Exercise description
Would you return the lines that run from the start of the data below to the line with "Biezpiena sacepuma pagatavošana cepeškrāsnī", both included, exactly as written and without pictures?

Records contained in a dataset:
=== Begin Enclosure ===
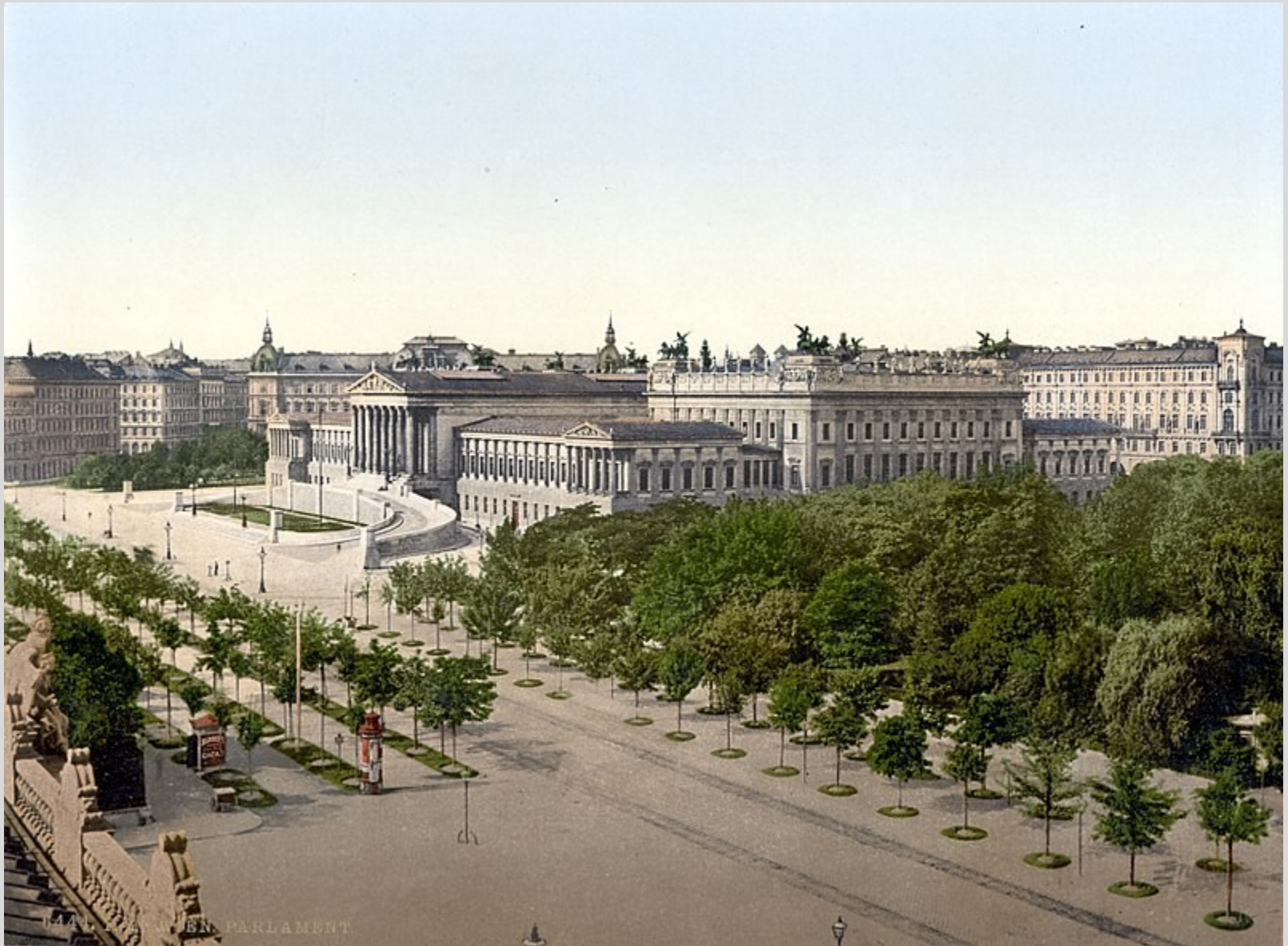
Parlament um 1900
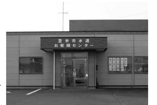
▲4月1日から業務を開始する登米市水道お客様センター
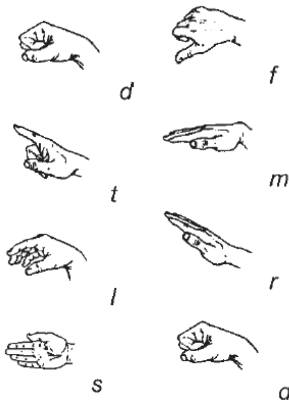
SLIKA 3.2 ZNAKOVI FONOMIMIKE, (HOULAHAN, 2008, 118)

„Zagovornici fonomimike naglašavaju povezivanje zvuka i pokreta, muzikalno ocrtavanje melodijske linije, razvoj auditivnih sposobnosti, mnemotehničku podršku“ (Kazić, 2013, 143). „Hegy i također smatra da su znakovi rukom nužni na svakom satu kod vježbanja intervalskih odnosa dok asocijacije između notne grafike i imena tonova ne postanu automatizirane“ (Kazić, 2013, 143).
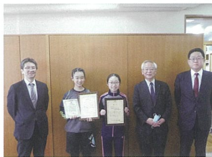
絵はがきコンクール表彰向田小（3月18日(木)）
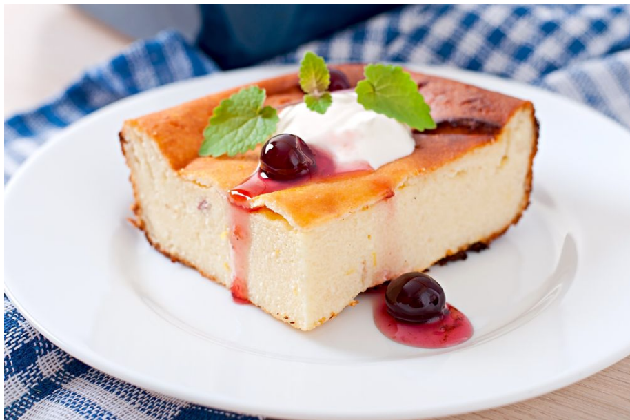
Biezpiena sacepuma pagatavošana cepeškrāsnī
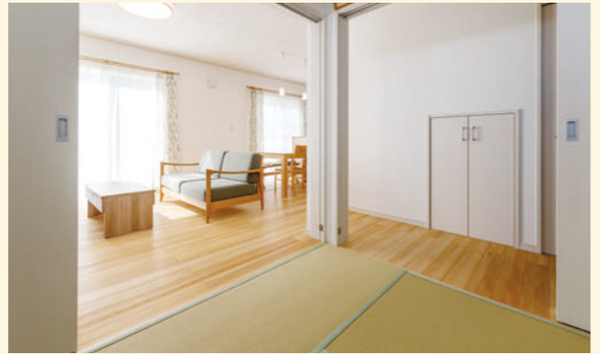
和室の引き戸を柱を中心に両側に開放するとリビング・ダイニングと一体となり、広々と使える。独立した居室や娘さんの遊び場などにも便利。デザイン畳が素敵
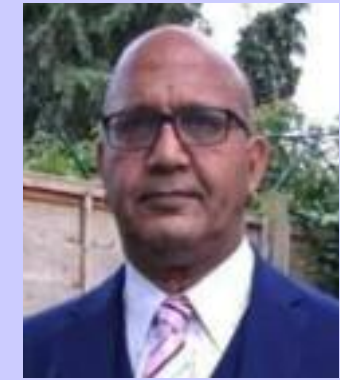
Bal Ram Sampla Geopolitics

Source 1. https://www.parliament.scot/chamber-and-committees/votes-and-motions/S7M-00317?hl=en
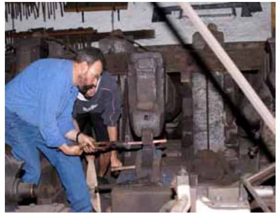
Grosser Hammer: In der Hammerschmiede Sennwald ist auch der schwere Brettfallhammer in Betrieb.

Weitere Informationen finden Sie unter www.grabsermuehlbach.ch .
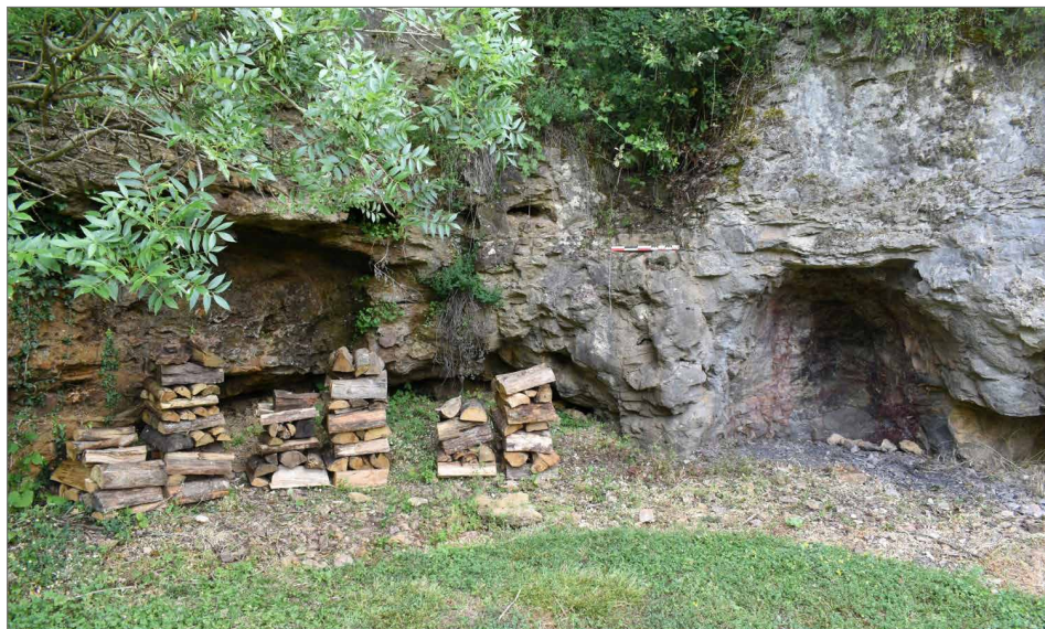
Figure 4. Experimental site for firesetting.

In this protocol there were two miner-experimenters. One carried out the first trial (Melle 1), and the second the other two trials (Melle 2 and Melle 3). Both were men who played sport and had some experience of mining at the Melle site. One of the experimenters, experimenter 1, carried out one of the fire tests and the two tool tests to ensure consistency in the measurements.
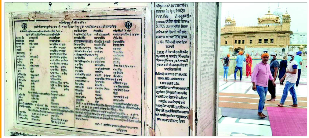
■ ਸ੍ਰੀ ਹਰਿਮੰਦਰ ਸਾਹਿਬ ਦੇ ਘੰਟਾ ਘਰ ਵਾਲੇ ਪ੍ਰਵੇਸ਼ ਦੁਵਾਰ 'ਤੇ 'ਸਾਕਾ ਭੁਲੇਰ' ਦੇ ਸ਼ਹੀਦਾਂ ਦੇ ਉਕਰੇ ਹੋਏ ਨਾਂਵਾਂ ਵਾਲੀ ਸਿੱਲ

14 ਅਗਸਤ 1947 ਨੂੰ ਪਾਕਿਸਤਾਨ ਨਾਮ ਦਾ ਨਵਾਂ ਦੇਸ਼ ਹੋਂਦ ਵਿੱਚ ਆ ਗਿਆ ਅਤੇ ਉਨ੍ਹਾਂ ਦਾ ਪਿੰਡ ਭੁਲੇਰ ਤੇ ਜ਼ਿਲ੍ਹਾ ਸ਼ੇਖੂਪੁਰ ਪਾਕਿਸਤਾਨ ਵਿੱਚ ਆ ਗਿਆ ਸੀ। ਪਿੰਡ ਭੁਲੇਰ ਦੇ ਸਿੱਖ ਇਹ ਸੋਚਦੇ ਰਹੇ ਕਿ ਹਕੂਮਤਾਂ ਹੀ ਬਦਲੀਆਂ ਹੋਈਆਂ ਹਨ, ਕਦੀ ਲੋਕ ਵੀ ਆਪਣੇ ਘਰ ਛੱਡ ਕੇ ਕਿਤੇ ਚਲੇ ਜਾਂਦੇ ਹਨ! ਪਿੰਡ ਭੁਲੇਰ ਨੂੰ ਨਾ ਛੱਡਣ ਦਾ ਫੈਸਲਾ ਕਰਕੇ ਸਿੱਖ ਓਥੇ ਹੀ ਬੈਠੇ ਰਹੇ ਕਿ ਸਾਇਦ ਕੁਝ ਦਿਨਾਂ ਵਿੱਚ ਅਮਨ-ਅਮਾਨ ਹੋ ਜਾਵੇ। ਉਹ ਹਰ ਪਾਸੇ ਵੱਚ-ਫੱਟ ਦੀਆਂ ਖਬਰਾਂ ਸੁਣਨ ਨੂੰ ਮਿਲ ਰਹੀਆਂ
=== End Enclosure ===
Finished task
Parlament um 1900
▲4月1日から業務を開始する登米市水道お客様センター
SLIKA 3.2 ZNAKOVI FONOMIMIKE, (HOULAHAN, 2008, 118)

„Zagovornici fonomimike naglašavaju povezivanje zvuka i pokreta, muzikalno ocrtavanje melodijske linije, razvoj auditivnih sposobnosti, mnemotehničku podršku“ (Kazić, 2013, 143). „Hegy i također smatra da su znakovi rukom nužni na svakom satu kod vježbanja intervalskih odnosa dok asocijacije između notne grafike i imena tonova ne postanu automatizirane“ (Kazić, 2013, 143).
絵はがきコンクール表彰向田小（3月18日(木)）
Biezpiena sacepuma pagatavošana cepeškrāsnī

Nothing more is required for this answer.